Bulger’s going to prison for the rest of his life so it’s not completely clear what will be done with the ring, but of all the items and chunks of cash seized from his Santa Monica hideout in 2011, this intriguing bit of memorabilia will remain far from the clutching hands of the FBI.
This was a huge and dramatic case for the city, obviously, and if there was ever even a slim chance of being somehow redeemed in the eyes of Bostonians, Bulger blew it when he, or someone close to him, decided they needed to hold onto a souvenir of when their bitter arch-rivals from across the border were winning their 23rd cup.
I can’t imagine that a self-respecting Barcelona supporter would ever take possession of any sort of Real Madrid medal or that a Limerick hurling fan could even look at a Tipperary Celtic Cross with anything other than disdain.
But that’s the sort of amoral universe Bulger thrived in as a murderous gangster and hypocritical turncoat.
“The parties have agreed to exclude a Stanley Cup ring, which the defendant contends was a gift to him by a third-party,” court documents stated.
This got Boston sports observers gleefully wondering about who could possibly have come close enough to Bulger to offer him a bitter reminder of how arid a landscape the 1980s was for the Boston Bruins teams.
There’s just one player who fits the description, according to the Boston Globe: a former Canadiens hard man called Chris Nilan, a Boston native who ended his career at the Bruins.
Nilan was one of those ‘enforcer’ players that give hockey as bad a name as good.
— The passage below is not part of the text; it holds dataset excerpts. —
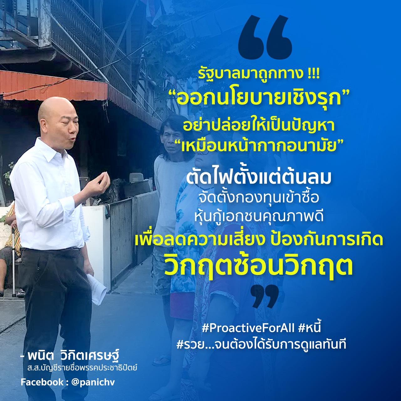 วันที่ 13 เม.ย. นายพนิต วิกิตเศรษฐ์ ส.ส.บัญชีรายชื่อ พรรคประชาธิปัตย์ โพสต์เฟซบุ๊กเรื่อง “รัฐบาลมาถูกทาง!! ออกนโยบายเชิงรุก อย่าปล่อยให้เป็นปัญหา เหมือนหน้ากากอนามัย ต้องนำหน้าสถานการณ์” ว่า ผมขอชื่นชมและสนับสนุนนโยบายของรัฐบาล ที่เข้ามาดูแลตราสารหนี้ของบริษัท ผ่าน ธปท.ในการออก พ.ร.ก. จัดตั้งกองทุนบีเอสเอฟ (BSF) นโยบายถือว่า เป็นนโยบายเชิงรุกที่มีการจัดการวางแผนเตรียมการโดยมองถึงอนาคต (แทนการทำนโยบายเชิงรับ ซึ่งคือการทำนโยบายสำหรับการแก้ปัญหาที่เกิดขึ้นแล้ว เช่น การตั้งรมว.มหาดไทย มาคุมการบริหารหน้ากากอนามัย) ในฐานะที่ผมเคยทำงานในตำแหน่ง “ผู้จัดการกองทุน” ทั้งในและต่างประเทศมามากกว่า 10 ปี ซึ่งเป็นช่วงที่ประเทศไทยได้ประสบกับวิกฤตการณ์ทางเศรษฐกิจและการเงินถึง 2 ครั้ง พ.ศ. 2540 (วิกฤติต้มยำกุ้ง) และ พ.ศ. 2551 (วิกฤติแฮมเบอร์เกอร์) และได้รับความเสียหายอย่างสูงไม่ต่างจากวิกฤติที่กำลังเกิดขึ้นในตอนนี้
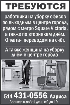 Требуются работники на уборку офисов по выходным в центре города, рядом с…
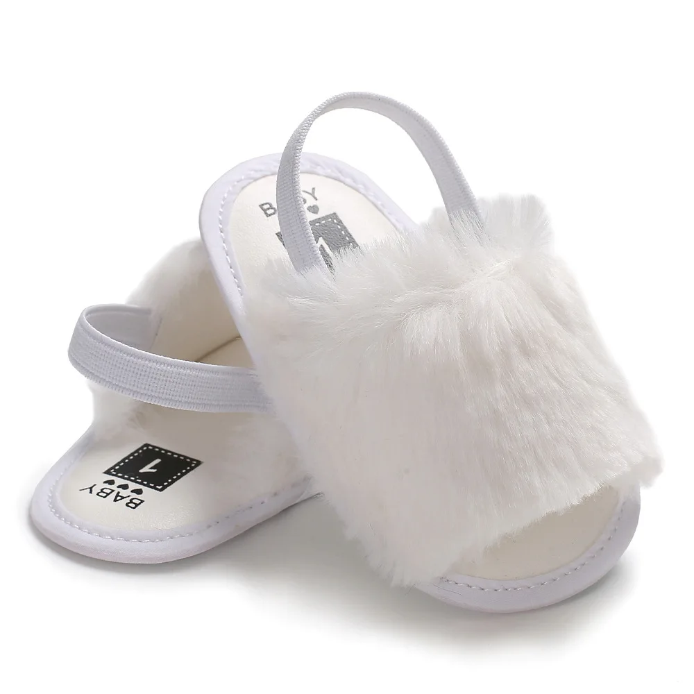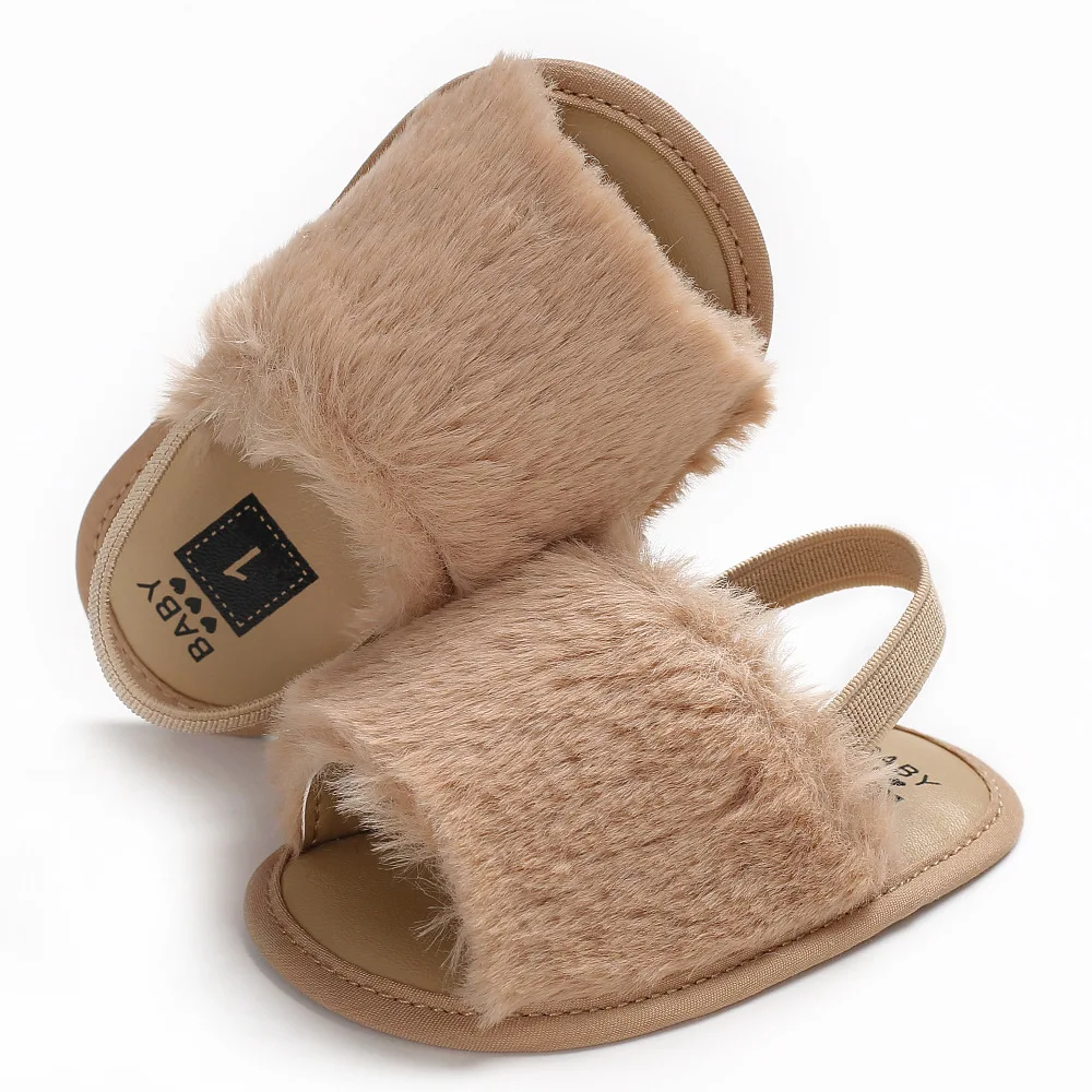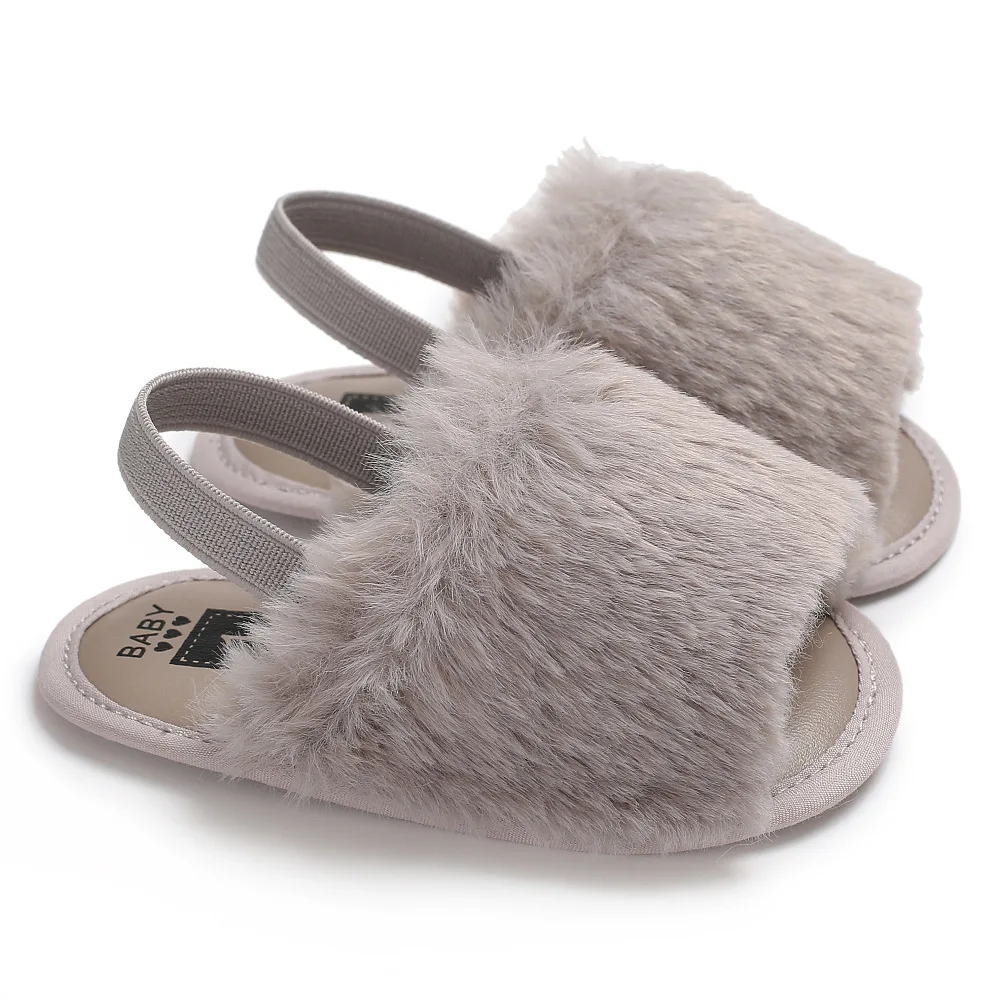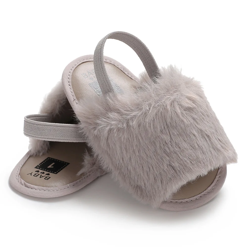 Туфли для новорожденных девочек, меховые пушистые тапочки, Симпатичная зимняя мягкая подошва, комнатные мокасины для малышей, обувь для кроватки
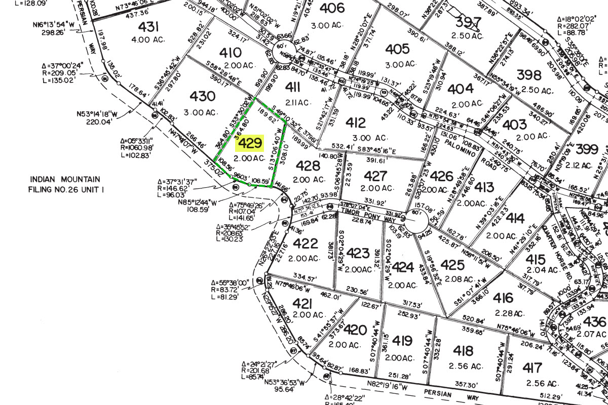 LEGAL DESCRIPTION: Lot 429, Indian Mountain Filing No. 26, Unit 3, County of Park, State of Colorado.
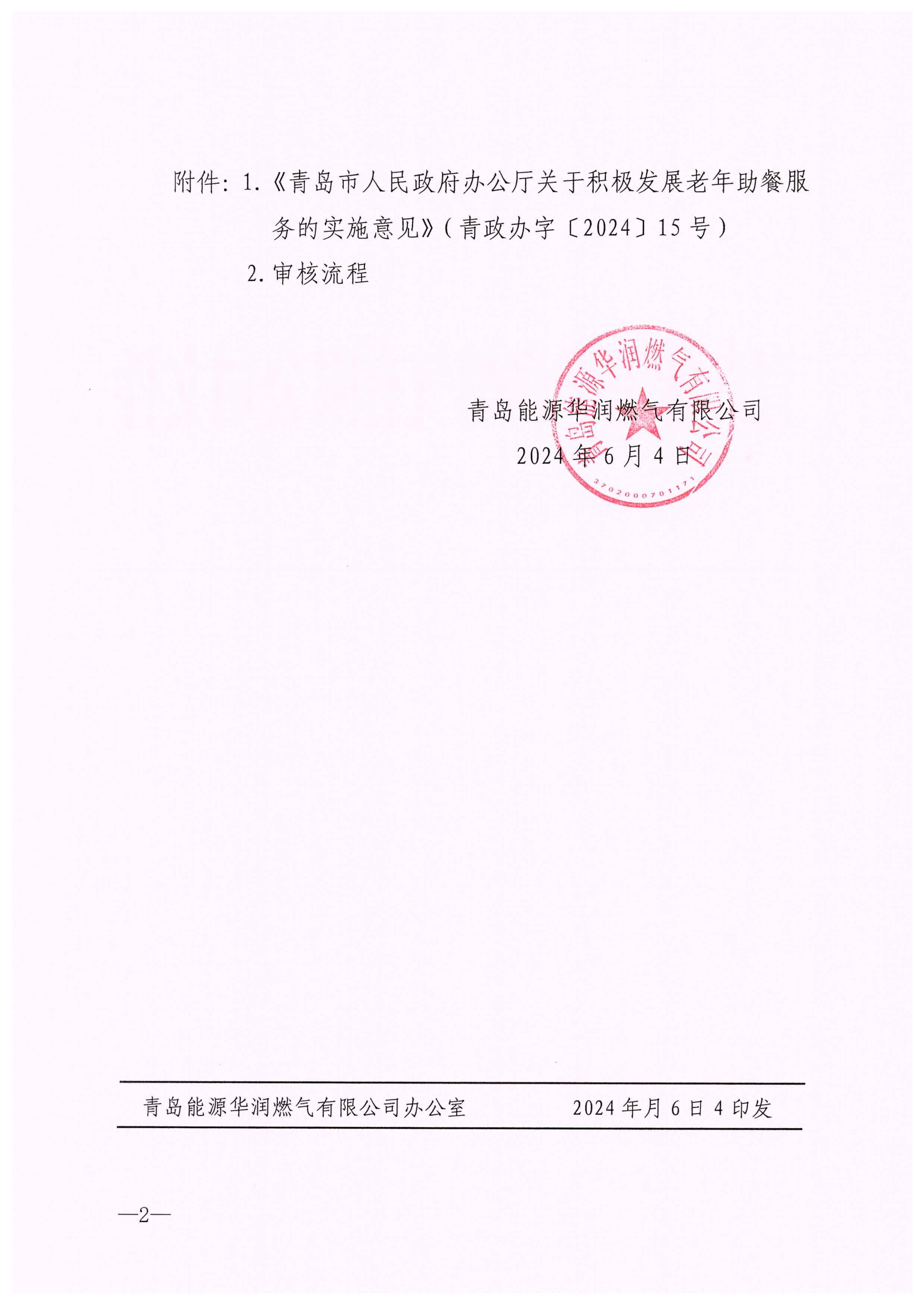 青能华燃〔2024〕26号 青岛能源华润燃气有限公司关于执行《青岛市人民政府办公厅关于积极发展老年助餐服务的实施意见》的通知.pdf

They’re cherished by fans, scorned by the rest of us philistines and almost completely forgotten by everybody when the pain really begins to stretch across their battered faces.
Nilan was nicknamed Knuckles, which is probably most of what you need to know about him and his role in that Stanley Cup-winning team. The intriguing tie he had to the gangster which probably led to him gifting the ring was his marriage to Karen Stanley, daughter of Bulger’s late girlfriend Teresa.
There’s something mesmerising about the way criminality slots so comfortably into sport. It’s an ancient phenomenon but when Bulger is arrested in a Red Sox cap or strongly rumoured to have attended this year’s Stanley Cup Game 7 (a pulsating win for Chicago), even a notoriously proud fan-base such as Boston’s, which operates on various levels of siege mentality, couldn’t rally around their most infamous thug.
In an eye-opening column this past weekend, Richie Sadlier exposed that further layer of grease forced upon footballers by the whole industry which laps toxically around them.
He spoke anonymously to two agents who revealed they were routinely hindered by mysterious middle men who held all the cards when it came to benefiting financially from a player’s transfer.
The threat of violence or, at the very least, extreme inconvenience hung over their day-to-day operations. But they wouldn’t swap it for anything, they told Sadlier. Their shadowy lives were “more interesting, more rewarding” than anything they’d ever done.
Which is all very well but at the core of criminality is a parasitic impulse to drain a resource and hopefully move on without being caught.
We’re the chumps left behind wondering what happened to our sports.
Like, for example, the Jockey Club in America which revealed this past weekend that it has moved up to DEFCON Two, extremely worried about the effect of drugs on their beleaguered industry.
Money will be pumped into out-of-competition testing to stem the tide of chronically low confidence from betting circles.
According to the New York Times, a poll found that when handicapping races at certain racetracks or in certain states, nearly four in five bettors — 79% — considered the possibility of illegal drug use. Even more said they bet less because “they had to factor in the possibility of illegal drug use”.
The same newspaper cited research they completed last year which found that the rate of horse deaths per week (24) was way above the norm for countries without a major drug problem.
That’s a shocking byproduct of what’s left behind when gangsters and middle men move on.